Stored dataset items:
◇ ◇ ◇

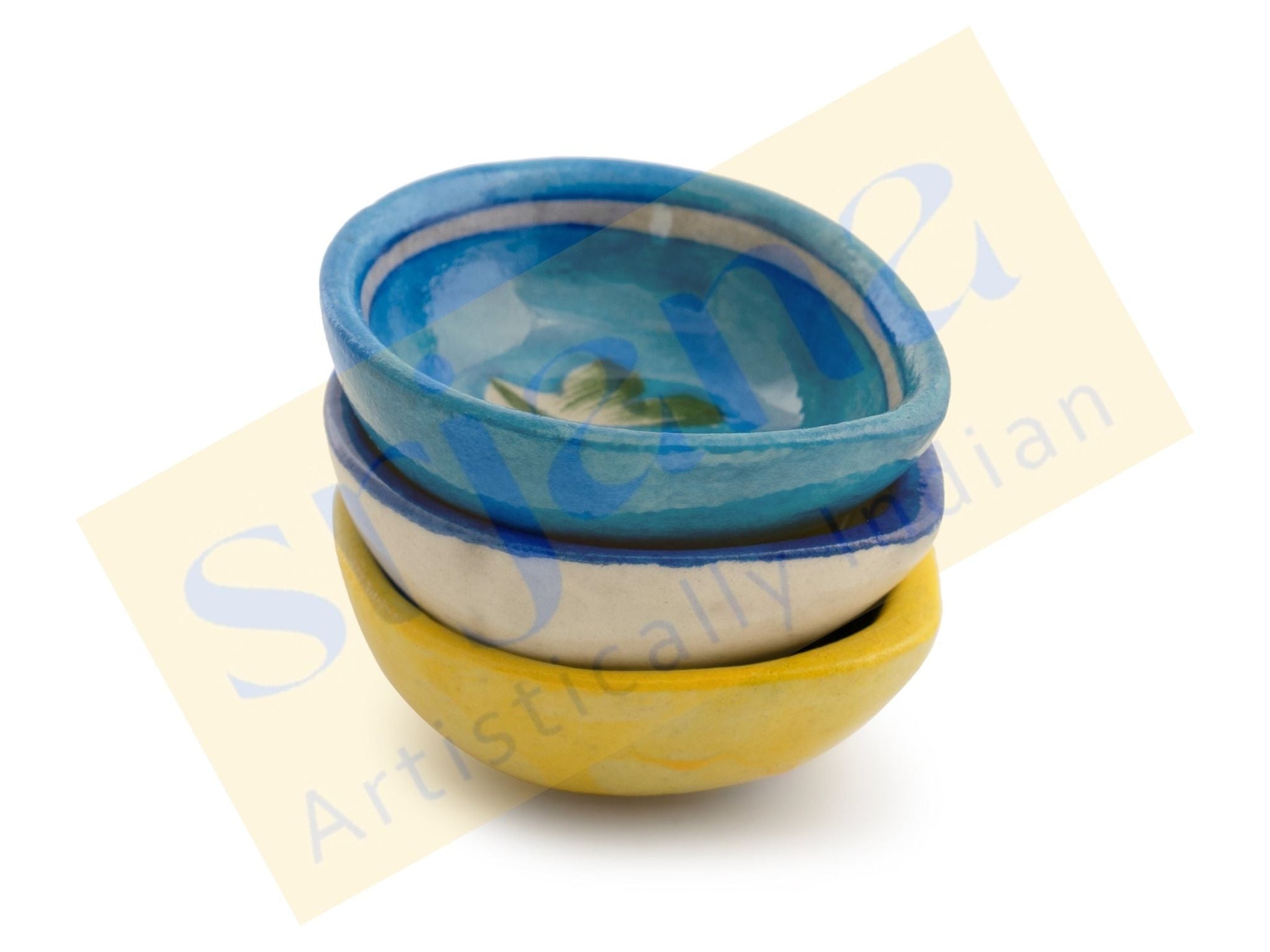 Illuminate your space with these exquisite Blue Pottery Diyas, featuring vibrant hand-painted floral motifs and a classic handcrafted finish. Perfect for festivals, poojas, or as decorative accents, these diyas bring a warm and artistic charm to any setting.
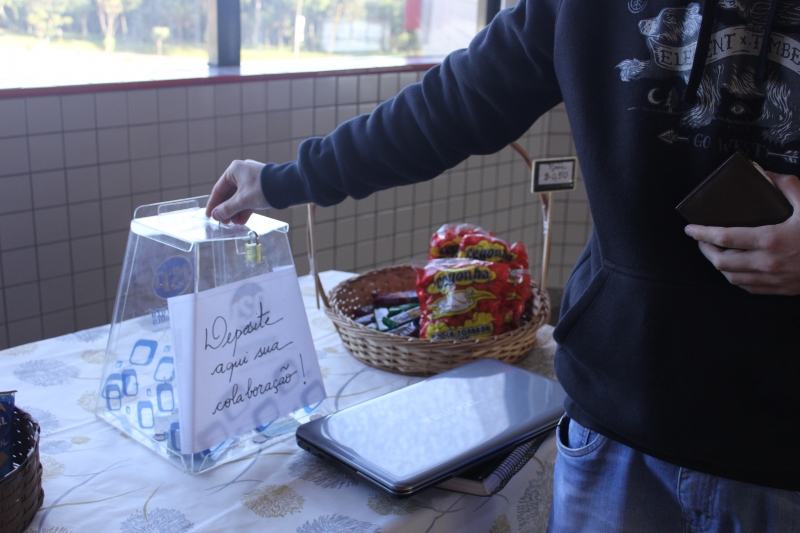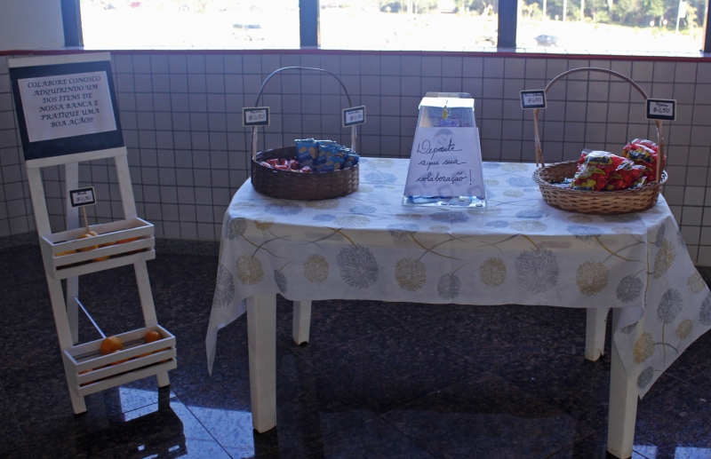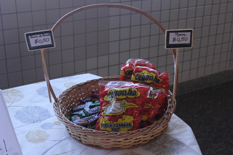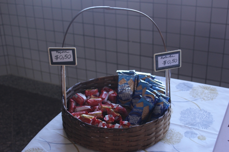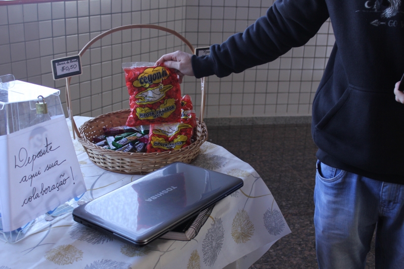 Foi disponibilizada uma mesa com alimentos disponíveis (pipoca, paçoca, biscoitos e barra de cereal) e uma urna para depósito do dinheiro. Sem vendedores no local, os alunos deveriam retirar o alimento de sua preferência e depositar o valor.
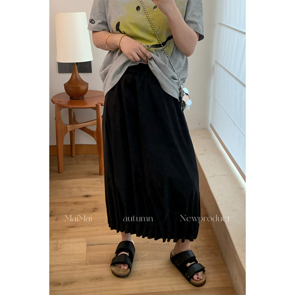 加长百褶裙女夏季黑色短裙2026新款高腰显瘦高个子春季a字半身裙
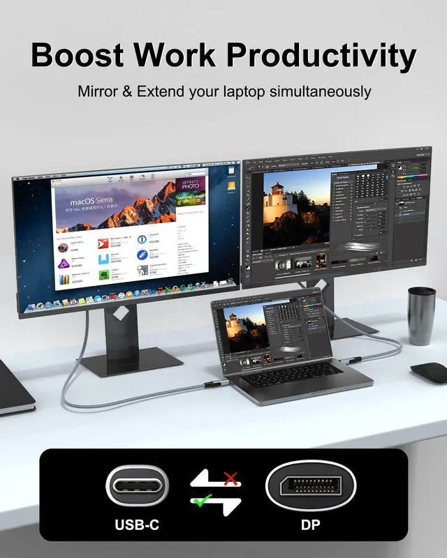 Note: Only Supports undirectional USB-C to Display Port ^^ [40Gbps DP 2.1 Cable] This USB Type C to Display Port cable offers a quantum leap in transfer speeds from 21.6G bps to 40Gbps. With stable signal transmission, the USB C to DisplayPort cable ensures amazing sound and image quality, and an end to screen flickering, Elevate your gaming experience with crystal-clear, high-resolution. It Supports HDR, DSC 1.2, HDCP 2.3, VRR and ALLM, eARC, DTS and Dolby ^^ [Multi-screen Display] The Thunderbolt 4/3 to DisplayPort cable supports Multi-Stream (MST) for daisy chaining multiple monitors, It supports mirror & extend mode and also supports Macbook Clamshell mode with just power on. DSC 1.2 a enables you to enjoy high-resolution and frame rates video through existing physical interfaces.
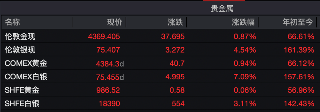 国际金银价格在大跌后企稳回升。截至发稿,伦敦金现报4369美元/盎司,日内涨0.87%。伦敦银现报75.4美元/盎司,日内涨逾4.5%,COMEX白银更是涨超7%。
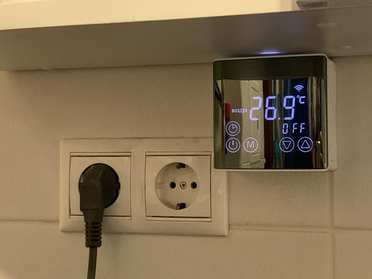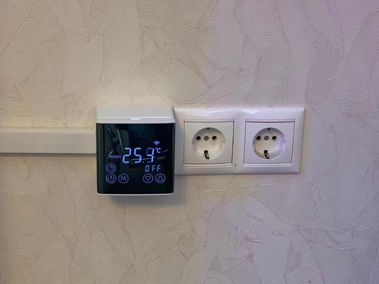 В своей работе использовали стеклянные инфракрасные обогреватели Пион Thermo Glass Crystal мощностью от 400 до 800 ватт, также для удобного управления системой обогрева установили терморегуляторы Grandex 07H с Wi-Fi управлением, работающие с любым приложением по регулированию температуры.
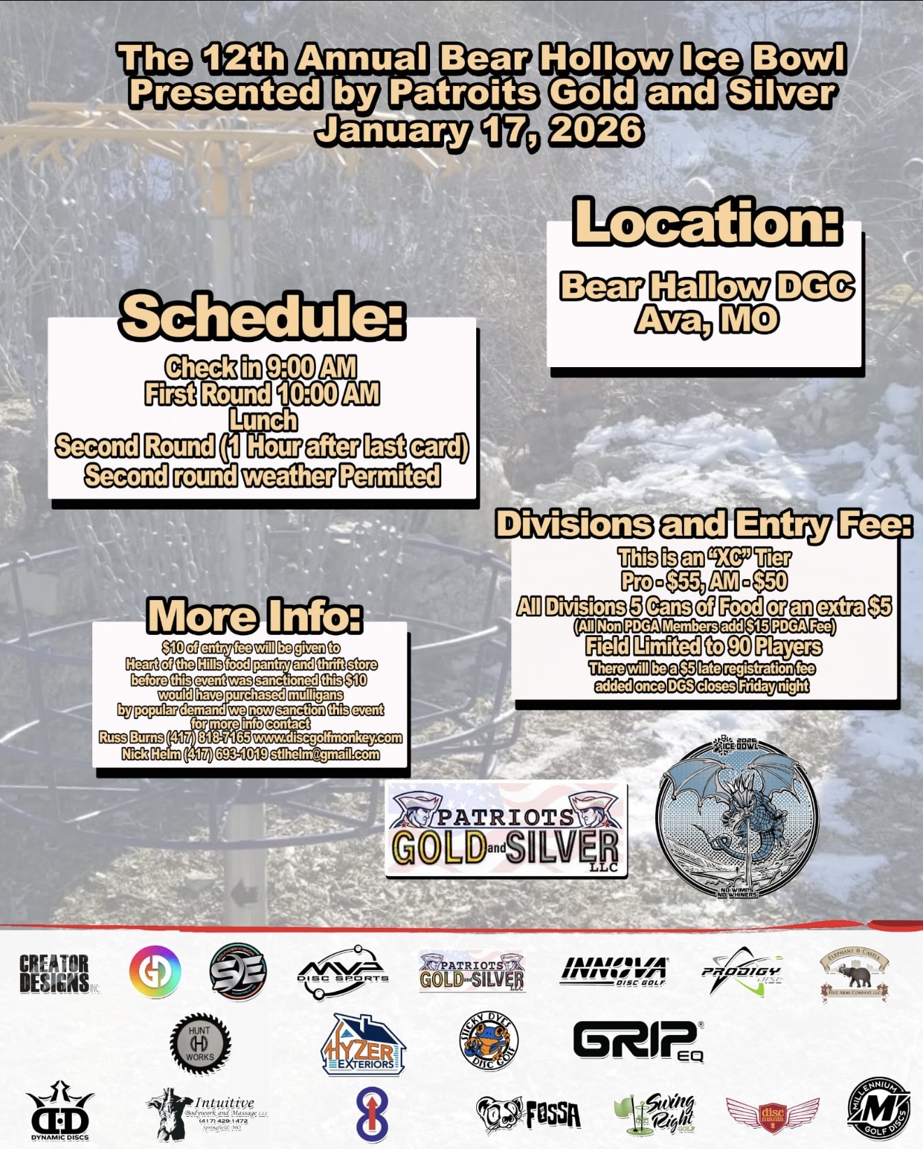 Our tour sponsors: Patriots Gold & Silver, Elephant & Castle Fine Arms, Dynamic Discs, Innova Champion Discs, Fossa Disc Golf, Prodigy Discs, Creator Designs, MVP/Axiom Discs, Millennium Golf Discs, Discmania, Educational Disc Golf Experience, Grip EQ, Slim Chickens, 8Up, Greazy Dyes, Discs Unlimited, Swing Right Golf, Intuitive Body Works & Massage and Sticky Dyes

◇ ◇ ◇

Please extract exactly the lines of the data, from the first through the line containing "国际金银价格在大跌后企稳回升", and add no pictures to the copy.

▶ [COMPLETED EXERCISE]:
 Illuminate your space with these exquisite Blue Pottery Diyas, featuring vibrant hand-painted floral motifs and a classic handcrafted finish. Perfect for festivals, poojas, or as decorative accents, these diyas bring a warm and artistic charm to any setting.
 Foi disponibilizada uma mesa com alimentos disponíveis (pipoca, paçoca, biscoitos e barra de cereal) e uma urna para depósito do dinheiro. Sem vendedores no local, os alunos deveriam retirar o alimento de sua preferência e depositar o valor.
 加长百褶裙女夏季黑色短裙2026新款高腰显瘦高个子春季a字半身裙
 Note: Only Supports undirectional USB-C to Display Port ^^ [40Gbps DP 2.1 Cable] This USB Type C to Display Port cable offers a quantum leap in transfer speeds from 21.6G bps to 40Gbps. With stable signal transmission, the USB C to DisplayPort cable ensures amazing sound and image quality, and an end to screen flickering, Elevate your gaming experience with crystal-clear, high-resolution. It Supports HDR, DSC 1.2, HDCP 2.3, VRR and ALLM, eARC, DTS and Dolby ^^ [Multi-screen Display] The Thunderbolt 4/3 to DisplayPort cable supports Multi-Stream (MST) for daisy chaining multiple monitors, It supports mirror & extend mode and also supports Macbook Clamshell mode with just power on. DSC 1.2 a enables you to enjoy high-resolution and frame rates video through existing physical interfaces.
 国际金银价格在大跌后企稳回升。截至发稿,伦敦金现报4369美元/盎司,日内涨0.87%。伦敦银现报75.4美元/盎司,日内涨逾4.5%,COMEX白银更是涨超7%。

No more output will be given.